Regular Blood Removal Eased CEP Symptoms, Case Report Shows
A woman with the rarest type of porphyria, called congenital erythropoietic porphyria or CEP, was successfully treated by regular blood removal — a procedure called phlebotomy — which lowered her blood iron levels, reduced urinary porphyrins, and eliminated sun-sensitive skin blisters, a case study showed.
Based on these successes, the researchers have suggested that phlebotomy may be a safe and effective option for treating patients in whom the disease has had a minor effect on blood-related parameters. Of note, the investigators also said this form of treatment was a convenient one.
The study, “Identification of novel UROS mutations in a patient with congenital erythropoietic porphyria and efficient treatment by phlebotomy,” was published in the journal Molecular Genetics and Metabolism Reports.
CEP is a rare inherited disorder caused by defects in the uroporphyrinogen-III-synthase (UROS) enzyme, which is required for the production of heme — a molecule essential for transporting oxygen in red blood cells.
The disease is characterized by the toxic buildup of heme precursors, called porphyrins. That buildup leads to severe skin sensitivity to sunlight and chronic hemolytic anemia, or the destruction of red blood cells.

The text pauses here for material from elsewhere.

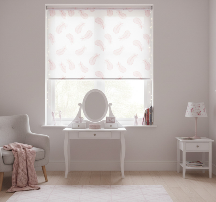 Den Rullgardin rosa med rosa fjädermönster är inte bara en funktionell lösning för att skydda ditt hem från direkt solljus, utan den förbättrar också inredningen av rummet. Den ger en känsla av integritet när den är sänkt och hjälper till att reglera rumstemperaturen, vilket skapar en behaglig atmosfär. Med 100 % anpassningsbara mått och tre olika texturer att välja mellan kan du enkelt hitta den perfekta lösningen som passar just ditt hem. Låt din inredning stråla med detta fantastiska val!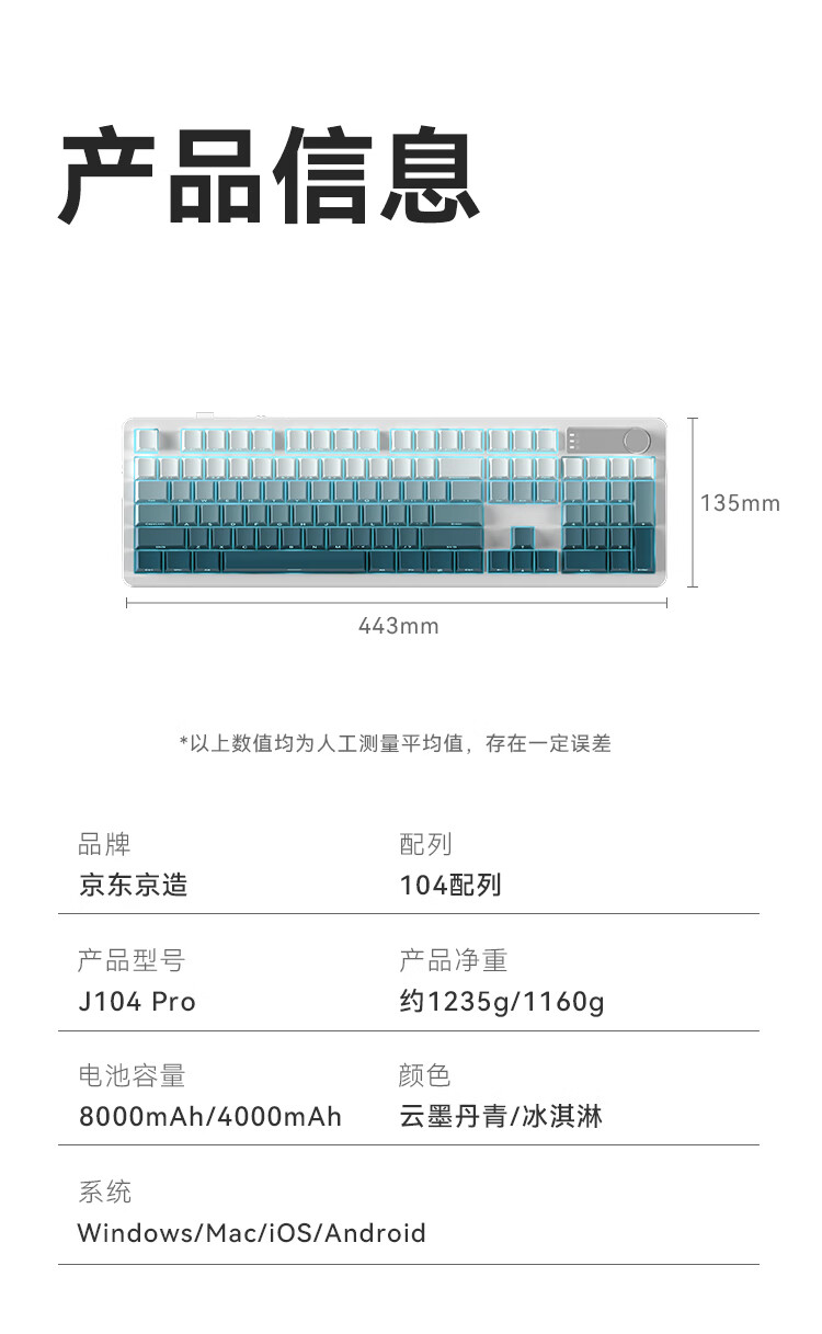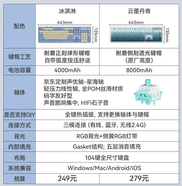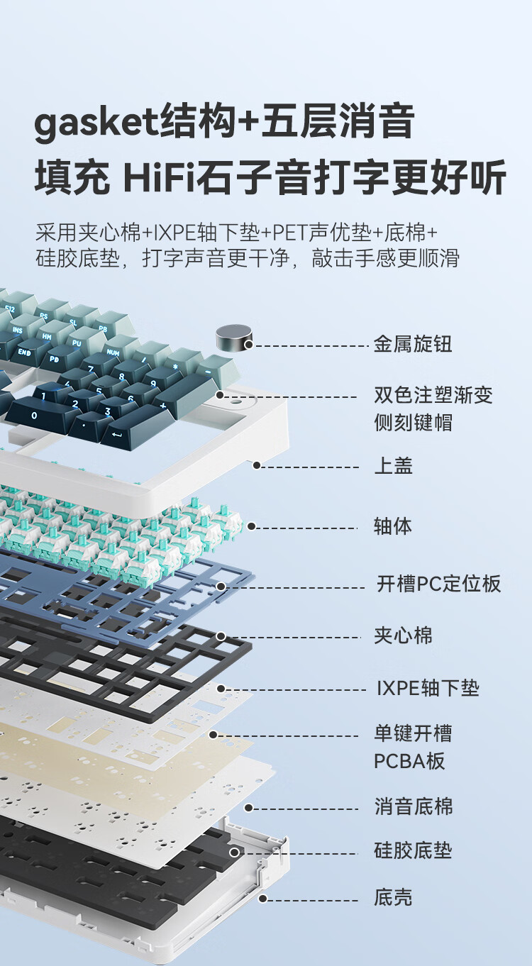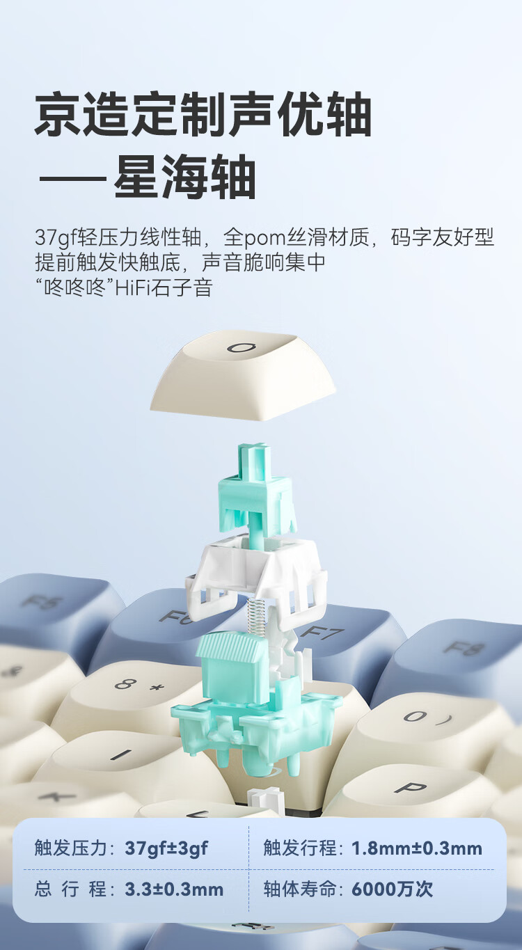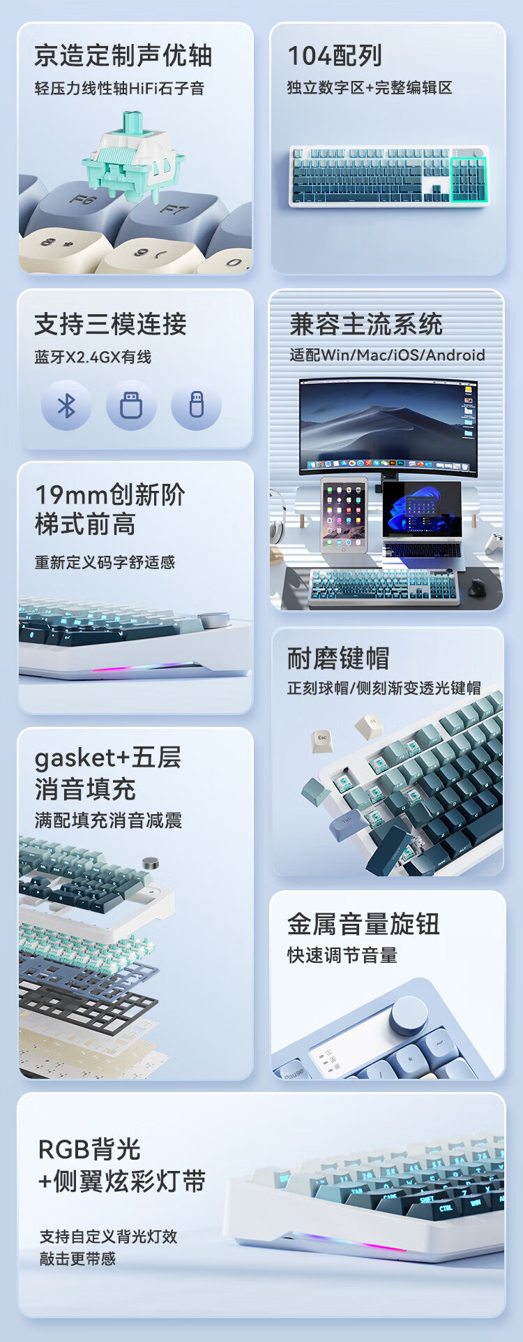 京东京造J104Pro无线蓝牙三模客制化机械键盘 游戏电竞办公104键gasket五层填充石子音 冰淇淋 星海轴

The excessive activity of ALAS2, a gene that encodes another enzyme involved in heme production, can worsen CEP symptoms due to the excessive production and buildup of porphyrins. Since an iron-dependent mechanism regulates the production of ALAS2, it has been proposed that reducing iron levels may decrease porphyrin production and lessen CEP symptoms.
One strategy is to use iron chelators, which are medicines approved to remove excess iron from the bloodstream. However, the long-term use of these medications has been associated with adverse events, or side effects, involving several organs, such as the liver and kidneys, limiting their usability.
Phlebotomy is a procedure in which blood is removed from the body by the same methods normally used in standard blood tests. Previous case reports have shown regular phlebotomy therapy successfully reduced porphyrin levels and symptoms in CEP patients, suggesting it may be a useful strategy to manage the disease.
Now, researchers at the University of Bordeaux, in France, and their colleagues reported another such case involving a 26-year-old woman with CEP whose clinical status improved after having regular phlebotomy treatments.
The Caucasian woman was diagnosed with CEP at age 8 and had multiple skin blisters on sun-exposed areas of her hands, feet, and face. She also had excessive hair growth, a condition known as hypertrichosis, on the same sun-exposed regions.
Consistent with a CEP diagnosis, the patient had elevated urinary porphyrins and reduced UROS enzyme activity in her red blood cells.
Notably, the woman has two brothers, but neither has the disease.
Genetic analysis revealed she had two previously unreported variants (mutations), one inherited from each parent, in the UROS gene that contains instructions for making the UROS enzyme.
Tests showed these mutations lowered the activity of the UROS enzyme to 0.01% and 0.3% of its typical values, depending on the variant.
Further analysis revealed UROS stability was not impacted by one of these mutations, which belonged to a category of genetic alterations that often compromise enzyme stability. That finding ruled out the use of chaperone therapies, which work by stabilizing enzymes and other proteins, as a potential treatment.
She showed no signs of anemia, or red blood cell deficiency, or chronic hemolysis, which is red blood cell destruction; her initial urinary porphyrin levels were considered moderate.
A conservative treatment, basically consisting of sun avoidance, failed to alleviate the woman’s symptoms.
That led physicians to initiate a course of regular phlebotomy treatments.
Phlebotomy therapy began with the removal of 300 mL of blood three times at weekly intervals, followed by 350 to 400 mL every two months. Blood tests showed progressive iron depletion. At this point, the team adjusted bleeding rates to maintain ferritin — the blood protein that stores iron — at consistently low levels of less than 10 mcg/L.
By the end of the 26-month (just over two-year) treatment course, the patient’s urinary porphyrin levels had dropped by 93% relative to her initial levels before starting phlebotomy therapy.
Meanwhile, her hemoglobin levels remained stable over the 26 months of therapy with her red blood cells gradually getting smaller in size, reflecting iron depletion, the researchers said.
With treatment, her photosensitive skin blisters disappeared, her reddish urine color due to CEP declined, and her overall quality of life improved.
In this patient, “iron depletion therapy based on [regular] phlebotomies efficiently reduced porphyrin accumulation and significantly improved the clinical outcome,” the investigators wrote.
“We propose that phlebotomy is a convenient treatment that can be implemented in patients with minor hematological [blood] involvement and could become an efficient and well-tolerated therapeutic approach in CEP,” they concluded.